Numpy setxor1d() Function
The Numpy setxor1d() function computes the symmetric difference between two arrays. It returns a sorted array of unique elements that are present in either of the input arrays but not in both. This function is useful for identifying elements that are exclusive to one array when comparing two arrays.

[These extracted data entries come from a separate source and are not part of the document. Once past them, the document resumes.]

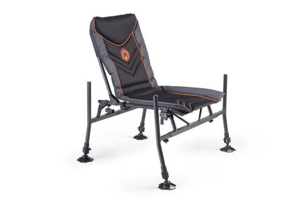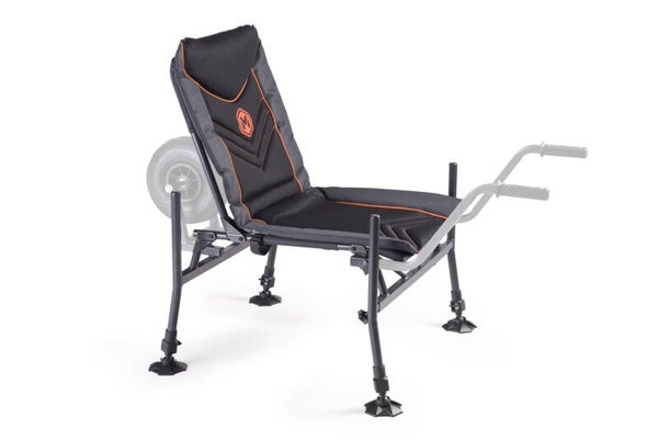 Ein spezieller Stuhl, der gezielt für das Feederangeln entwickelt wurde. Er ist mit vier teleskopierbaren Beinen ausgestattet, die eine einfache Positionierung auch auf unebenem Untergrund ermöglichen. Die Beine haben einen Durchmesser von 25 mm, was sie mit einer Vielzahl von Zubehörteilen kompatibel macht, die für diese Standardgröße erhältlich sind.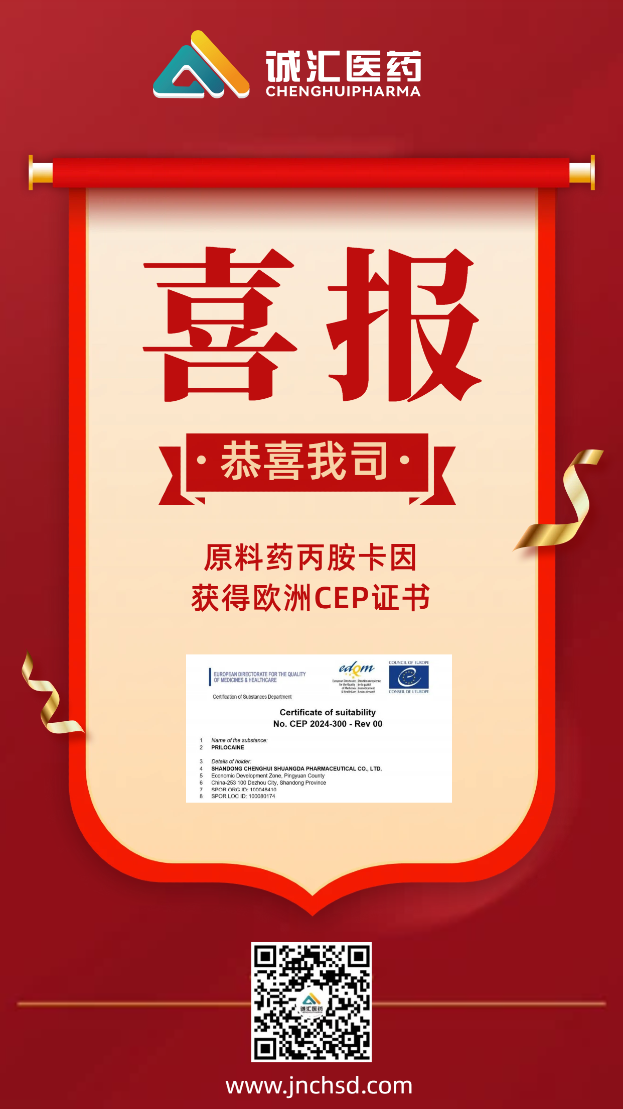 2025年12月19日,我公司原料药丙胺卡因欧洲CEP注册获批,并已收到欧洲药品质量管理局(EDQM)颁发的欧洲药典适用性证书(CEP证书)。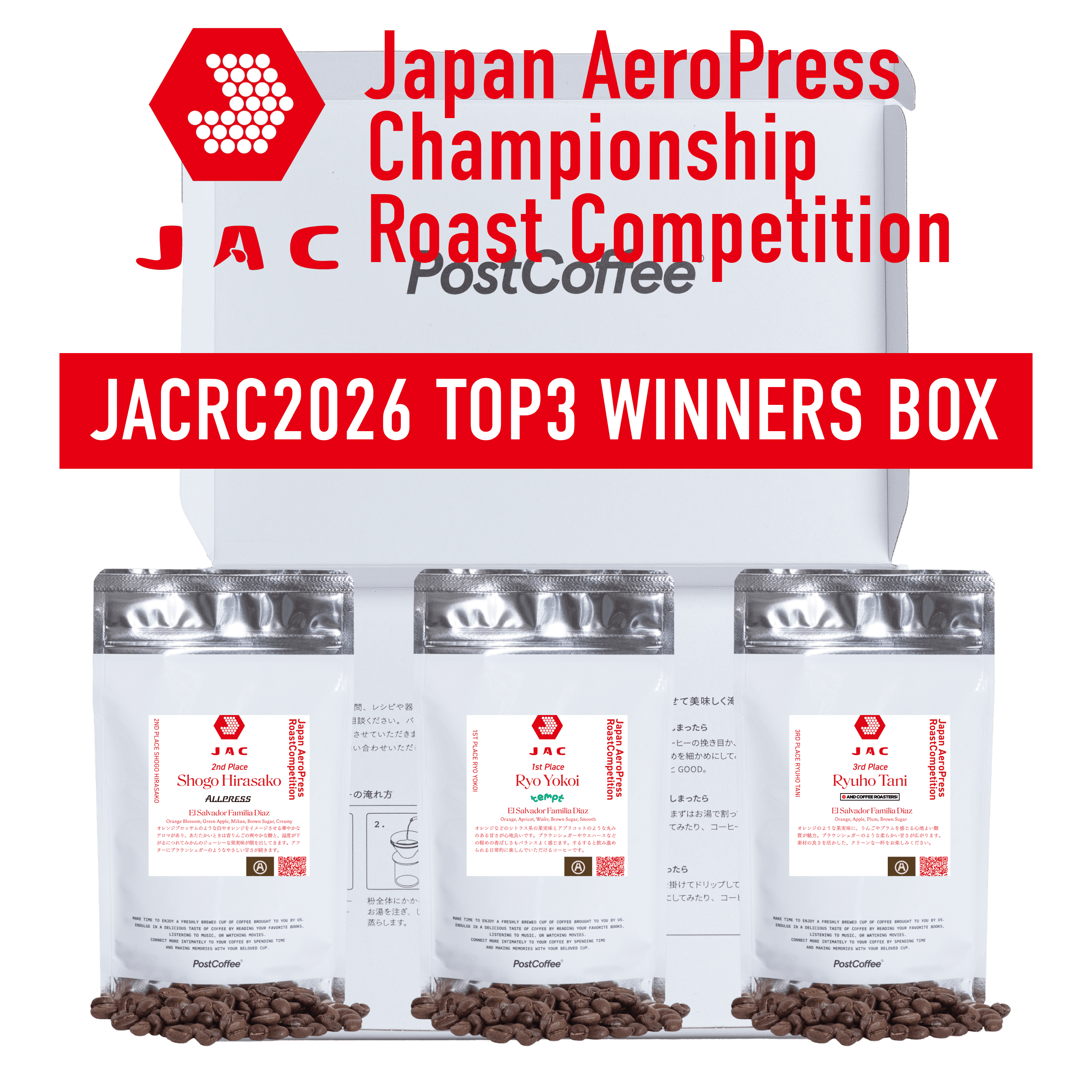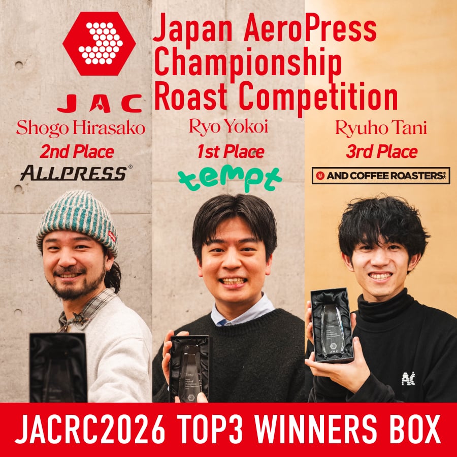 JAC(Japan AeroPress Championship)への協賛を記念し、同大会内で開催されるローストコンペティション、JAC Roast Competition(JACRC)にフォーカスした特別なコラボボックスを販売します。 この企画では、JACRCでTOP3入りを果たしたロースターのコーヒーをセレクト。 PostCoffeeがキュレーションし、飲み比べができる限定ボックスとしてお届けします。 すべてのコーヒーは、同じ課題豆を使用して焙煎されたもの。同じ素材でありながら、ロースターの焙煎によって味わいがどのように変わるのかを楽しめる内容になっています。 競技で評価されたロースターの表現を、全国のコーヒーラバーに届けることを目的とした特別企画です。

In general, the setxor1d() function is analogous to the symmetric difference operation in set theory, where A B represents the elements that are in either set A or set B, but not in their intersection.
Syntax
Following is the syntax of the Numpy setxor1d() function −
numpy.setxor1d(ar1, ar2, assume_unique=False)
Parameters
Following are the parameters of the Numpy setxor1d() function −
- ar1: The first input array.
- ar2: The second input array.
- assume_unique (optional): If True, the input arrays are assumed to be unique, which can speed up the calculation. Default is False.
Return Type
This function returns a sorted 1D array containing unique elements that are present in one input array but not in the other.
Example
Following is a basic example of finding the symmetric difference between two arrays using the Numpy setxor1d() function −
import numpy as np
array1 = np.array([10, 20, 30, 40, 50])
array2 = np.array([30, 40, 70])
result = np.setxor1d(array1, array2)
print("Symmetric Difference:", result)
Output
Following is the output of the above code −
Symmetric Difference: [10 20 50 70]
Example: Usage of assume_unique Parameter
When assume_unique is set to True, the function skips internal uniqueness checks, improving performance when the arrays are known to contain unique elements −
import numpy as np
array1 = np.array([10, 20, 20, 40, 50])
array2 = np.array([20, 30, 70])
result = np.setxor1d(array1, array2, assume_unique=True)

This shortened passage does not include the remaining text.